USS Uncas (AT-51)
Career (United States) | 100x35px |
---|---|
Name: | USS Uncas |
Namesake: | Uncas (ca. 1588-ca. 1683), a Mohegan chief |
Builder: | John H. Dialogue and Sons, Camden, New Jersey |
Completed: | 1893 |
Acquired: | 2 April 1898 |
Commissioned: | 6 April 1898 |
Decommissioned: | 6 March 1922 |
Reclassified: |
Ocean Tug No. 51 by 1916 Fleet tug, AT-51, 17 July 1920 Yard tug, YT-110, 10 June 1921 |
Struck: | 14 March 1922 |
Fate: | Sold 25 July 1922; returned to commercial service |
Notes: | In commercial service as SS Walter A. Luckenbach 1893-1898 |
General characteristics | |
Type: | Tug |
Displacement: | 441 tons |
Length: | 119 ft 8 in (36.47 m) |
Beam: | 25 ft (7.6 m) |
Draft: | 12 ft (3.7 m) (mean) |
Propulsion: | Steam engine, one shaft |
Speed: | 12 knots |
Complement: | 15 |
Armament: |
1 x 1-pounder gun 1 x Gatling gun |
The second USS Uncas (Ocean Tug No. 51/AT-51/YT-110) was a United States Navy tug in commission from 1898 to 1922.
Contents
Construction, acquisition, and commissioning
Uncas was built as the commercial tug SS Walter A. Luckenbach by John H. Dialogue and Sons at Camden, New Jersey, for the Luckenbach and Company shipping firm of New York City.
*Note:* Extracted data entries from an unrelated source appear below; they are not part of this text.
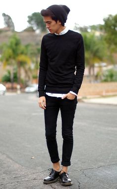 Following your night out you’ll want something simple and easy to pull together (do it before you go to bed!). Or just pull that white shirt from Tuesday out of the wash basket and pop a skinny knit over it; ta-da! Pull a beanie over your hair or stick it up in a bun and finish with docs or brogues. Yes, it’s a gent in the pic above, and he has it down; I’d totally wear that!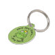 Grüner Frosch Cartoon mit goldener Krone. Prinzfrosch. Benutzerdefinierte Hintergrundfarbe. Zwei benutzerdefinierte Textfelder im Kreis. Benutzerdefinierter Text auf der Rückseite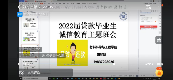 为帮助贷款毕业生树立遵纪守法和诚信理念,养成遵纪守法、诚实守信的良好习惯。5月11日,我院通过钉钉在线的形式召开了2022届贷款毕业生诚信还款教育会议。辅导员田彩姣及2022届全体贷款毕业生参加了会议。

The U.S. Navy acquired Walter A. Luckenbach on 2 April 1898 for Spanish-American War service as an ocean-going tug and commissioned her as USS Uncas on 6 April 1898 with Lieutenant Frederick R. Brainard in command.
Spanish-American War service, 1898
Assigned to the North Atlantic Squadron, Uncas operated on blockade duty off Matanzas on the north coast of Cuba. On 3 May 1898, Uncas, in company with revenue cutter USS Hudson, captured the Havana, Cuba-bound Spanish sailing vessel Antonio Suarez. On 13 July 1898, again in company with Hudson, Uncas overtook two sloops. Together, Hudson and Uncas captured one sloop —- Bella Yuiz, a Spanish vessel bound for Havana -— and sank the other, taking two prisoners.
Caribbean service, 1898-1915
After the August 1898 conclusion of hostilities, Uncas underwent repairs at the Philadelphia Navy Yard at Philadelphia, Pennsylvania, before she sailed south for the Caribbean, via Port Royal, South Carolina.
In the autumn of 1899, Uncas inspected lighthouse facilities in the Danish West Indies and at Puerto Rico before she served a brief tour towing United States Army Quartermaster Corps barges. She then resumed lighthouse inspection and harbor survey duties in the Puerto Rican area and, during this tour, carried a selection board to Culebra Island to seek out a site for a target range.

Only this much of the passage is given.